* Stored data entries:
=======
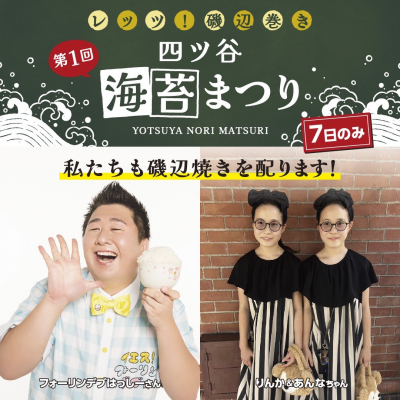 磯辺焼き配布にはフォーリンデブはっしーさん、りんか&あんなちゃんも参加!10/7(土)当日現地で会えるかも!
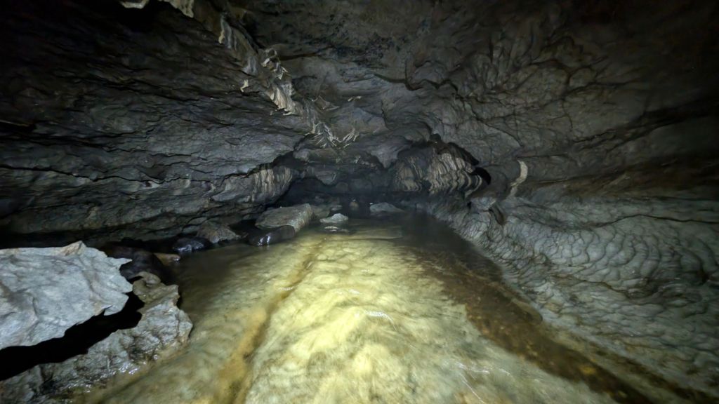 I then followed him through the river (it’s a river cave) to a spot where he had everyone sit down and turn off their lights.
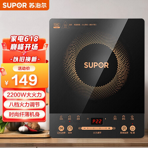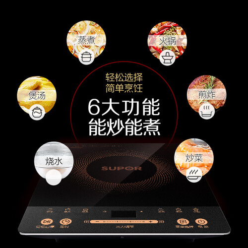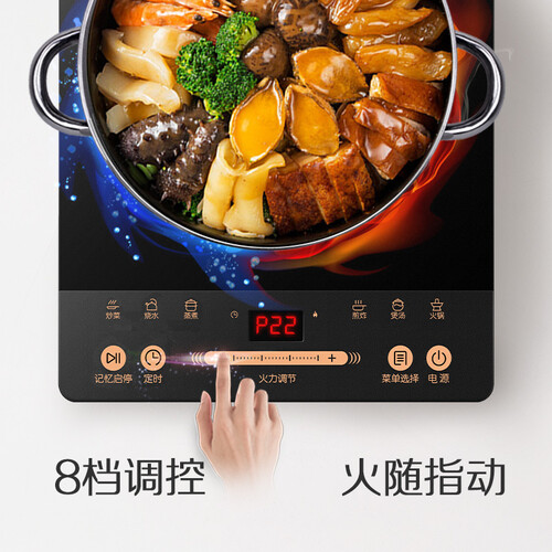 此款电磁炉拥有智能定时功能,自动烹煮,无需在一旁看管;采用记忆启停技术,不用时停止,节省用电,使用时迅速开启,方便快捷。
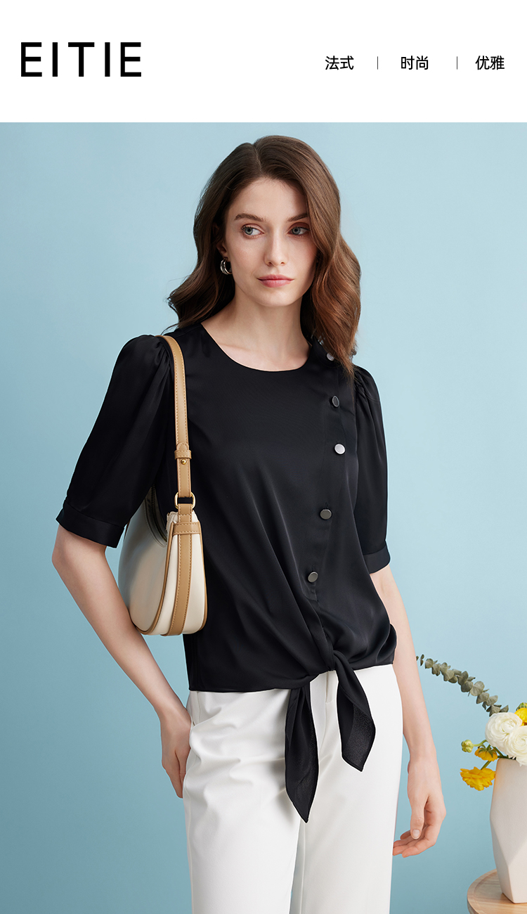 EITIE爱特爱夏季新品通勤百搭简约优雅小上衣7413109
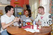 Maren beschließt, dass sie räumlich einen Neuanfang starten willPaul (Niklas Osterloh, l.) und Emily (Anne Menden) haben den Verdacht, dass Nihat (Timur Ülker) ihnen etwas verschweigt.Bild: © RTL Passion
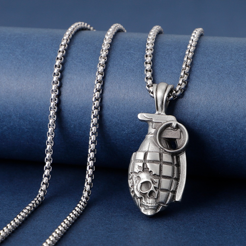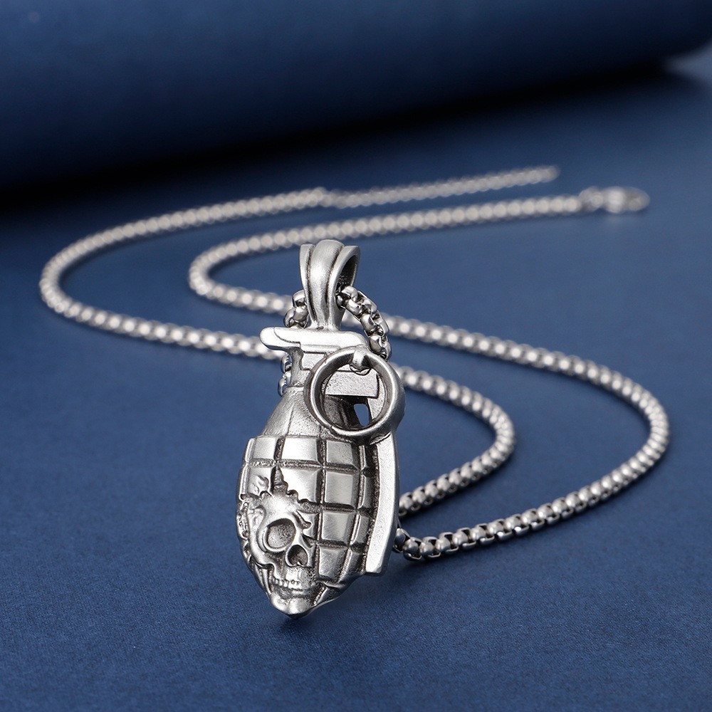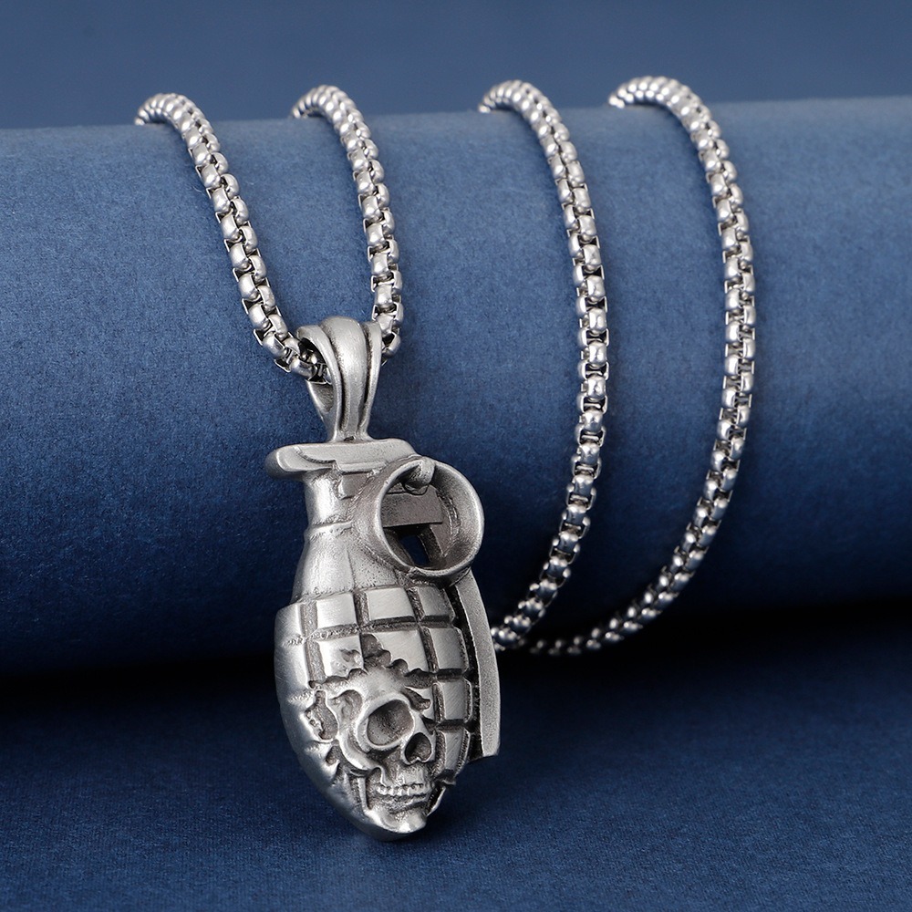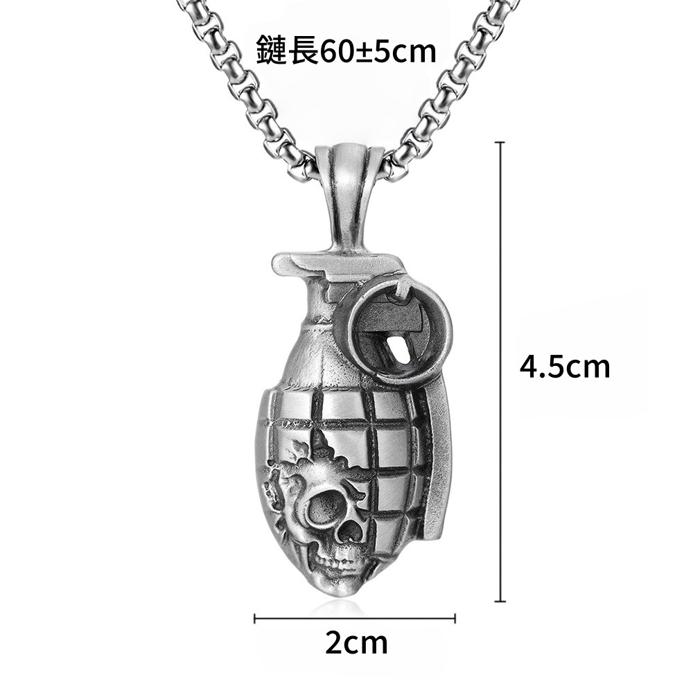 嘻哈項鍊 手榴彈吊墜 骷髏頭手榴彈 項鍊男 吊墜項鍊 飾品 629
=======
* Work order:
Leave every picture out and write out, word for word, the lines from the one that contains "此款电磁炉拥有智能定时功能,自动烹煮,无" through the last line of the records.

* Finished task:
 此款电磁炉拥有智能定时功能,自动烹煮,无需在一旁看管;采用记忆启停技术,不用时停止,节省用电,使用时迅速开启,方便快捷。
 EITIE爱特爱夏季新品通勤百搭简约优雅小上衣7413109
 Maren beschließt, dass sie räumlich einen Neuanfang starten willPaul (Niklas Osterloh, l.) und Emily (Anne Menden) haben den Verdacht, dass Nihat (Timur Ülker) ihnen etwas verschweigt.Bild: © RTL Passion
 嘻哈項鍊 手榴彈吊墜 骷髏頭手榴彈 項鍊男 吊墜項鍊 飾品 629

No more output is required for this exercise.